By Jonny Lupsha, Wondrium Staff Writer
A former Florida deputy is accused of planting drugs during traffic stops, ABC News reported. The Jackson County Sheriff’s deputy, Zachary Wester, has been arrested for a slew of crimes, including fabricating evidence. It’s reminiscent of other historical police corruption cases.

According to the ABC News article, the 26-year-old Wester will face a total of 52 counts of racketeering, “including nine counts each of official misconduct, fabricating evidence, possession of an illegal substance, false imprisonment, misdemeanors of perjury, and possession of drug paraphernalia.” So far, 11 people have testified that Wester planted drugs on them during routine traffic stops. Unfortunately, this is neither the first nor the largest case of police corruption in American history.
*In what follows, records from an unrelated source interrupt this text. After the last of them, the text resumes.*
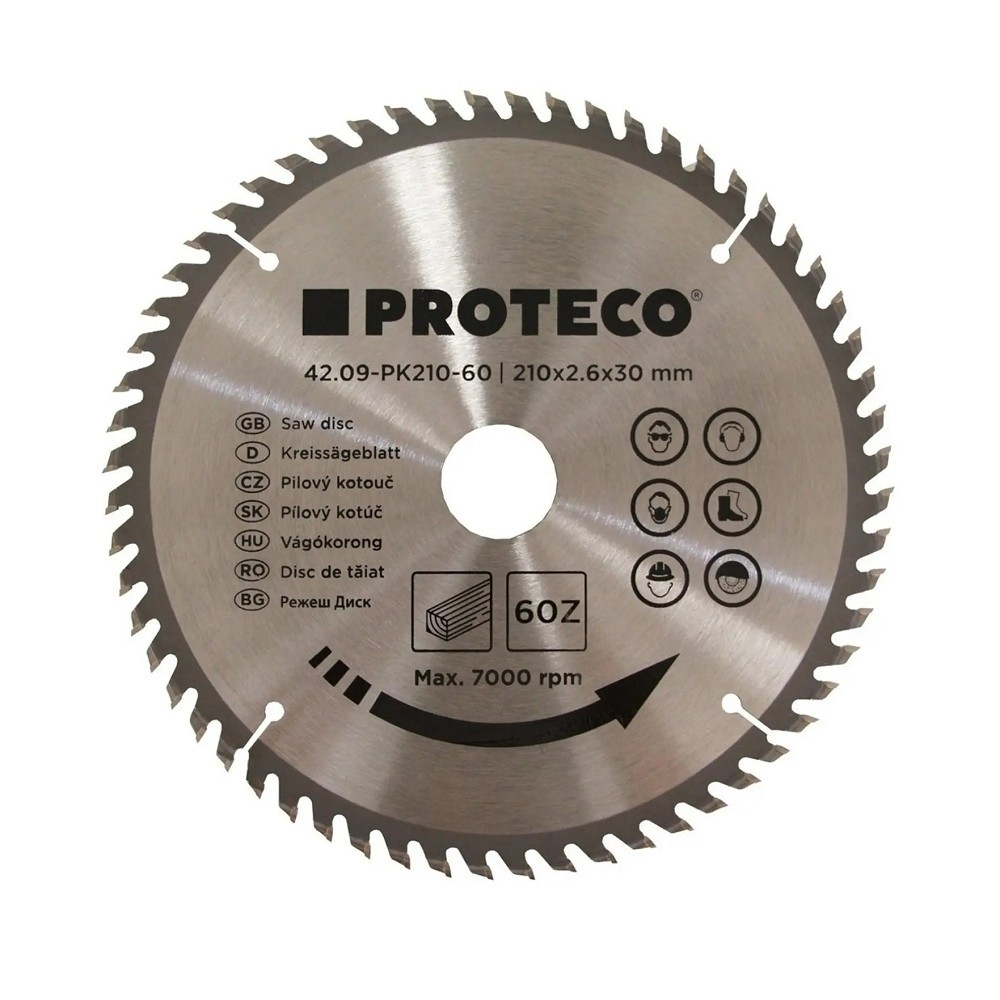 Kotouč pilový SK plátky 210 x 2,6 x 30 mm 60 zubů + redukce 30/20 mm Proteco Pilový kotouč s SK plátky je pomocník pro kvalitní dělení měkkého i tvrdého dřeva. Umožňuje řezat či krátit prkna, trámy, hranoly, palubky, latě i další dřevěné tvary, a to příčně i podélně. Pilový kotouč na dřevo o vnějším průměru lze pohodlně umístit například do okružní pily, ruční okružní pily, stolní pily, stolní kotoučové pily a mnoha dalších k tomu určených pil. Pilový kotouč s SK plátky je vyroben z vysoce kvalitní uhlíkové nástrojové oceli, obvod kotouče je lemován střídavě šikmými zuby s SK plátky. SK plátky, tj. plátky ze slinutých karbidů se vyznačují vysokou výdrží a mechanickou odolností. K tělu pilového kotouče jsou pájeny tzv. sedvičovou metodou, zamezující případnému nežádoucímu odtržení. Pozitivní úhel střídavě šikmých zubů, spolu s úzkým profilem kotouče, garantují klidný chod a bezpečný řez bez nežádoucích vibrací.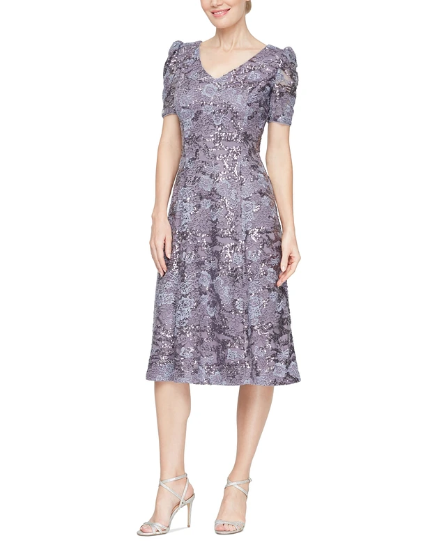 Alex Evenings Women's Sequined Embroidered Fit & Flare Dress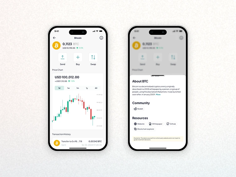 To check price changes directly, I've added a price chart along with details about the coin and relevant links. These features are essential for determining the legitimacy of a coin while also providing users with easy access to important resources like whitepapers and community links. This approach aligns with the goal of showcasing the wallet's ease of use and simplicity, ensuring users can stay informed about price trends and other critical information effortlessly.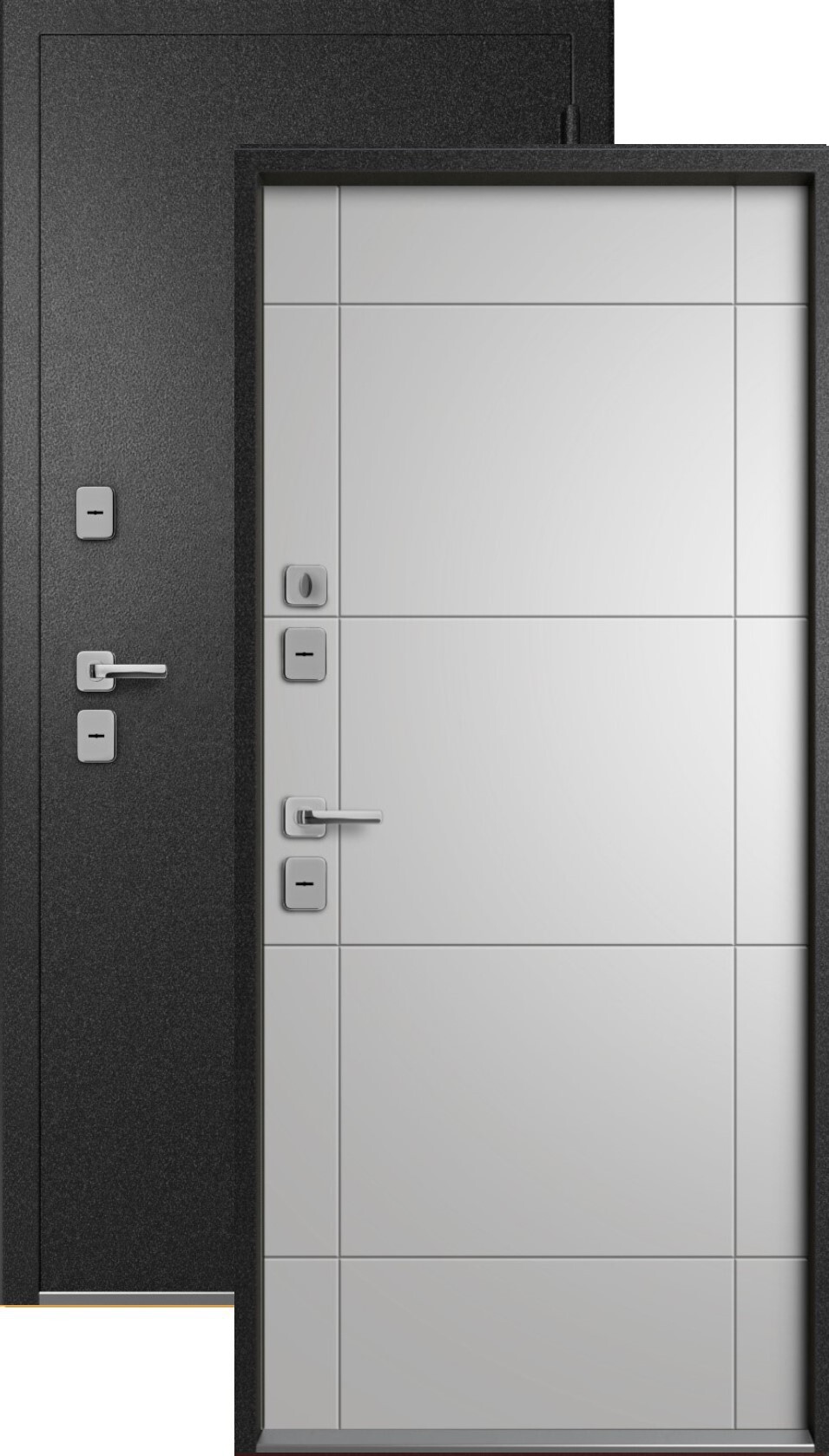 Наиболее толстые и практичные двери, что обеспечивает максимальный уровень тепло- и шумоизоляции.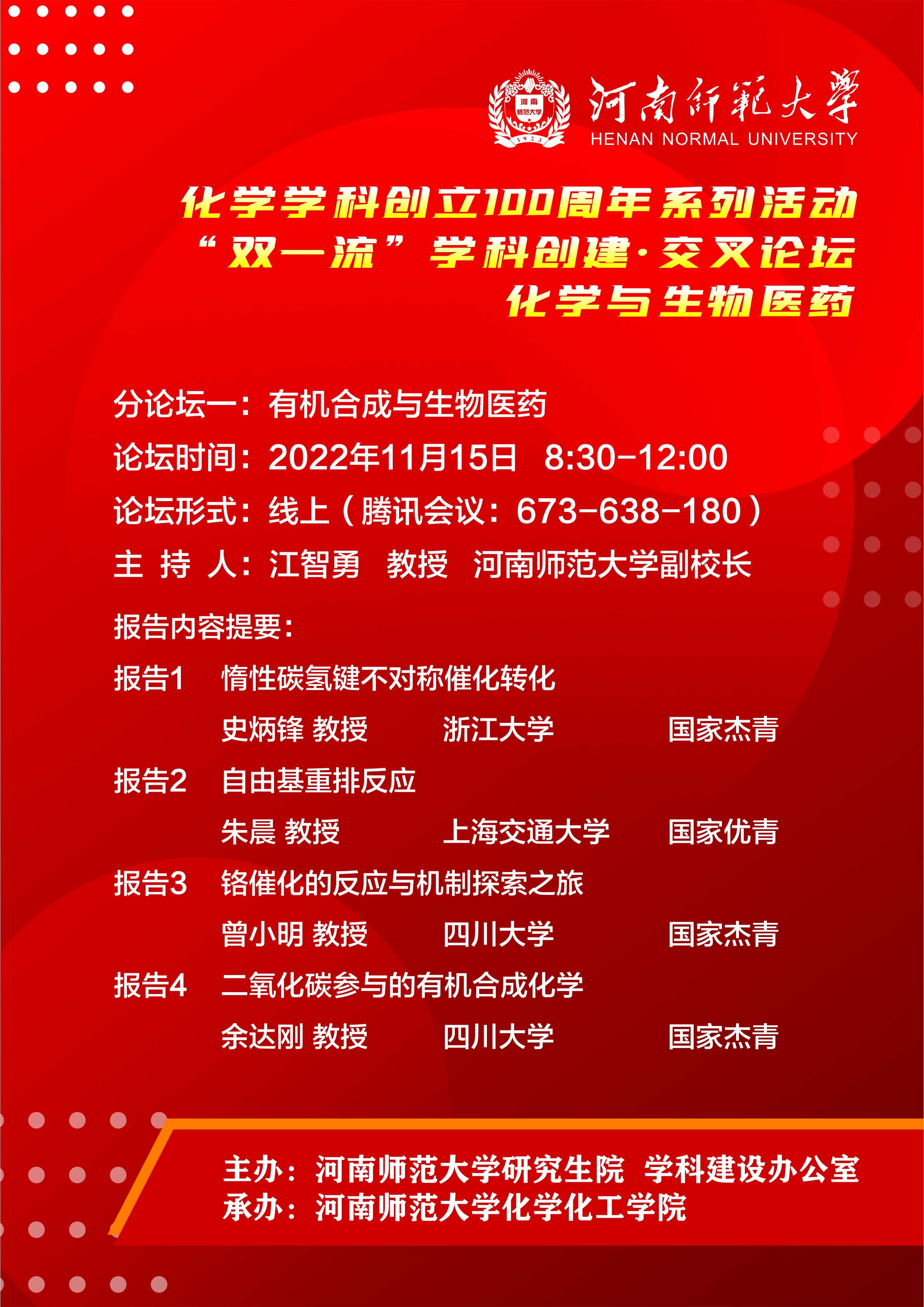 十秩峥嵘薪火相传,百年师大风华正茂。值此化学学科创立100周年,为营造浓厚的创新文化氛围,打破传统的学科专业壁垒,激发不同学科团队间的合作意愿,摆脱惯性思维,抓住科研范式变革的机遇,凝练孕育一批新的研究领域和方向,化学学科围绕“化学与生物医药”主题开展系列交叉融合创新论坛。讨论最新学科进展,交流新思想和新方法,分析学科的增长点以及学科交叉中的新问题,进一步加强化学与生物医药研究的交叉融合,提升化学学科的原始创新能力和关键领域核心技术攻关能力,推动学科交叉融合迈上新台阶,为高水平科技创新和高质量人才培养提供重要支撑。学科交叉论坛的实施将助力化学在高水平学科建设上展现更大作为,再攀高峰,有力驱动 “双一流”学科创建。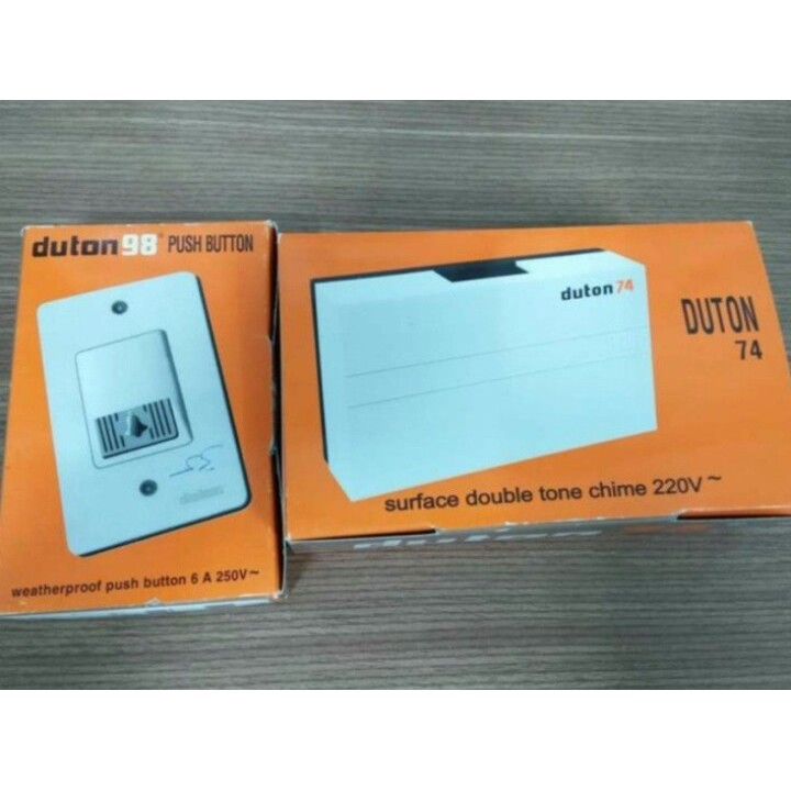 Một bộ sản phẩm chuông cửa có dây duton tl74 gồm có hộp chuông báo và một nút nhất.Chuông báo chỉ phát ra 1 kiểu chuông duy nhất (thông dụng nhất là tiếng ding doong).Nút nhấn lắp ngoài trời (có ren chống nước mưa).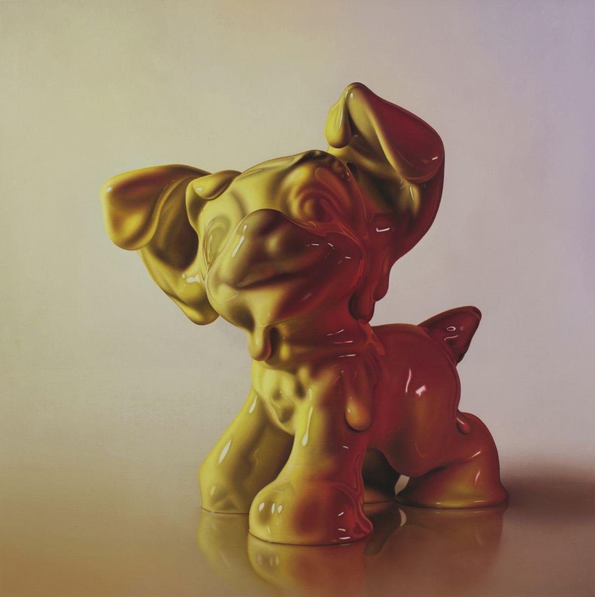 Attualmente i miei quadri prendono spunto dai pupazzi della Ledraplastic, da quelli Disney a quelli della Metro Goldwyn Mayer. Il mio lavoro attuale nasce prima di tutto ricercando i soggetti. La seconda fase è la preparazione della copertura e il colaggio della stessa sul pupazzo: creo un set fotografico con fari e luci colorate e cerco di scattare più fotografie possibili cercando di immortalare ciò che presto si scioglierà disgregandosi. Poi procedo creando il progetto al computer scegliendo le gocce, coperture e forme migliori dai vari scatti. Così creo qualcosa di impossibile nella realtà, ma comunque reale. Quando il progetto mi soddisfa parte la fase più lunga, quella della realizzazione del dipinto sulla tela con i colori ad olio, ciò che fa sembrare il dipinto quasi una scultura.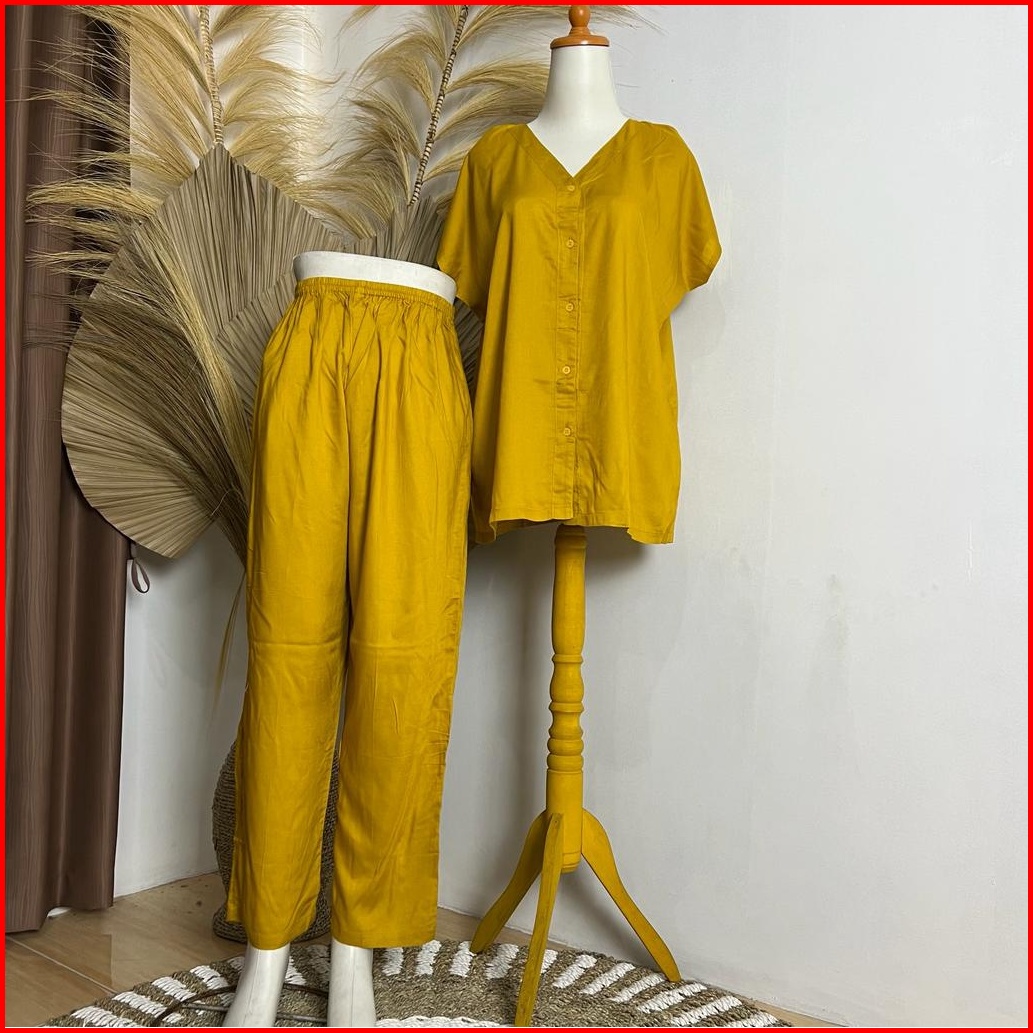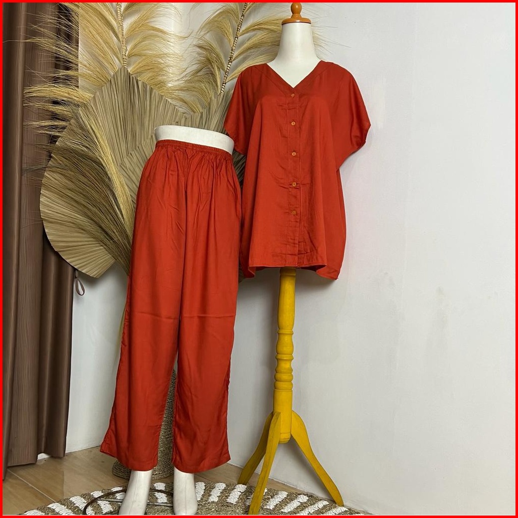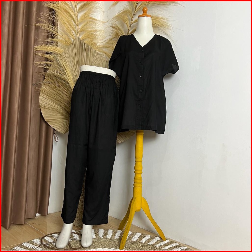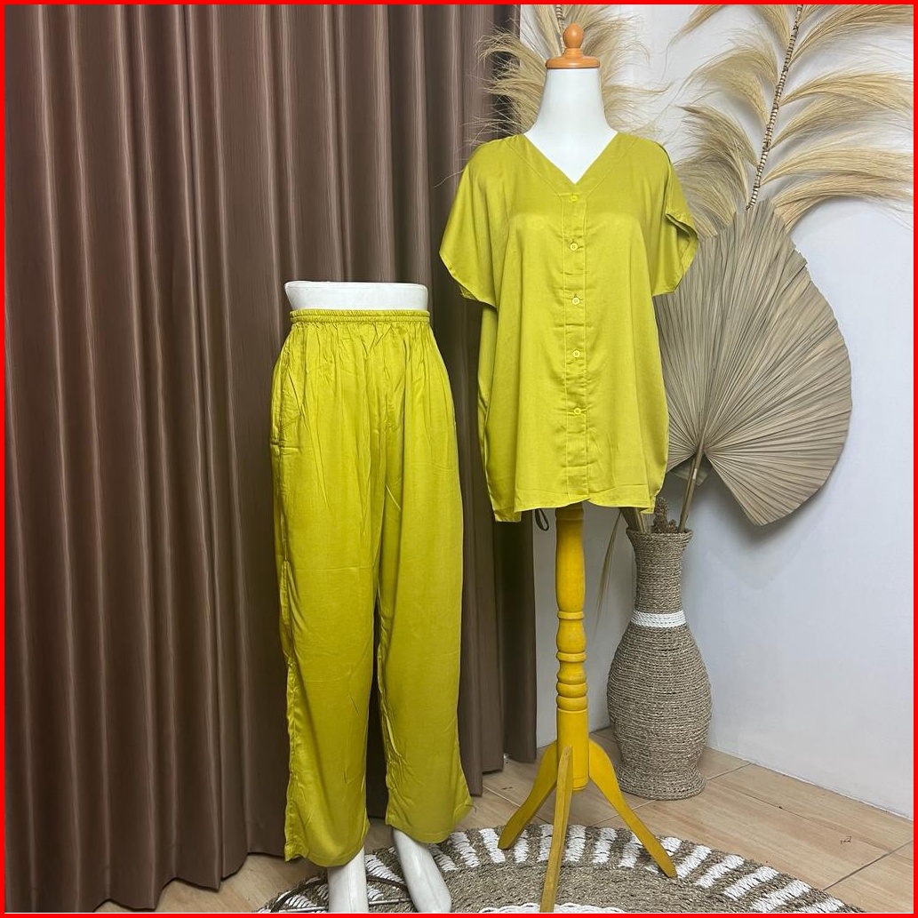 Piyama Oblong Varisha Full Kancing Non Kerah Pajamas V-neck Busui Piyama Rayon Polos

In the past, police officers have consciously broken the law and the oath they took to protect the public.
The Mystery of Harvey and Jeannette Crewe
An anonymous tip about a lone shell casing led New Zealand police to arrest and convict a suspect in the 1970 double homicide of Harvey and Jeannette Crewe. The convicted party was their neighbor Arthur Thomas, whose rifle had already been taken into police custody and test-fired by the police ballistics team. Thomas was granted a retrial amid public outcry, but he was again found guilty in 1973. As the ordeal seemed increasingly strange, a newspaper editor convinced forensic scientist Dr. Jim Blott to re-examine the tell-tale shell casing allegedly fired from the murder weapon.
“Sprott determined the [shell] case was just too noncorroded to have been outside and exposed to the elements for over four months,” said Dr. Elizabeth A. Murray, Professor of Biology at the College of Mount St. Joseph. “Sprott believed the evidence had been planted at the crime scene. Also supporting this theory was the fact that the area had already been exhaustively searched two times by the police before that shell casing was found.”
Dr. Murray explained that, as a result, in 1980, a Royal Comission of Inquiry reversed the conviction after determining that two policemen had planted the shell as evidence to suggest Thomas’s rifle was the murder weapon. However, neither police officer was tried for the murder nor the planting of evidence due to “insufficient evidence.”
Officer Justin Volpe: When Police Get Caught
In 1997, Haitian immigrant Abner Louima was taken into police custody after a brawl at a nightclub in New York City. “At the police station, he was brutally tortured and even sodomized by [NYPD] Officer [Justin] Volpe,” Dr. Murray said. “Louima’s teeth were broken—he suffered such serious internal injuries, he had to be taken from the local precinct to a hospital. There, Officer Volpe alleged some of the injuries were from the fight in front of the nightclub, during which, the officer claimed, Louima sucker-punched him—although the blow was actually delivered by some other man.”
Dr. Murray said that one of Louima’s nurses called authorities to report her suspicions that his injuries were caused by police. After three major surgeries over a two-month hospital stay, Louima was released. Volpe pleaded guilty to the assault and was sentenced to 30 years in prison without parole; the NYPD awarded Louima $8.75 million in damages.
Abner Louima, like the wrongfully convicted Arthur Thomas and the victims of Jackson County Sheriff’s Deputy Zachery Wester, suffered terrible injustice at the hands of law enforcement officials—and they’re not alone. They offer a glimpse into a horrifying world of police corruption and brutality that is fought against by more honorable police and a scrutinizing public eye.

Dr. Elizabeth A. Murray contributed to this article. Dr. Murray is a forensic anthropologist and also Professor of Biology at the College of Mount St. Joseph. She earned her bachelor’s degree in biology from the College of Mount St. Joseph and her master’s degree in anthropology and Ph.D. in Interdisciplinary Studies in Human Biology from the University of Cincinnati.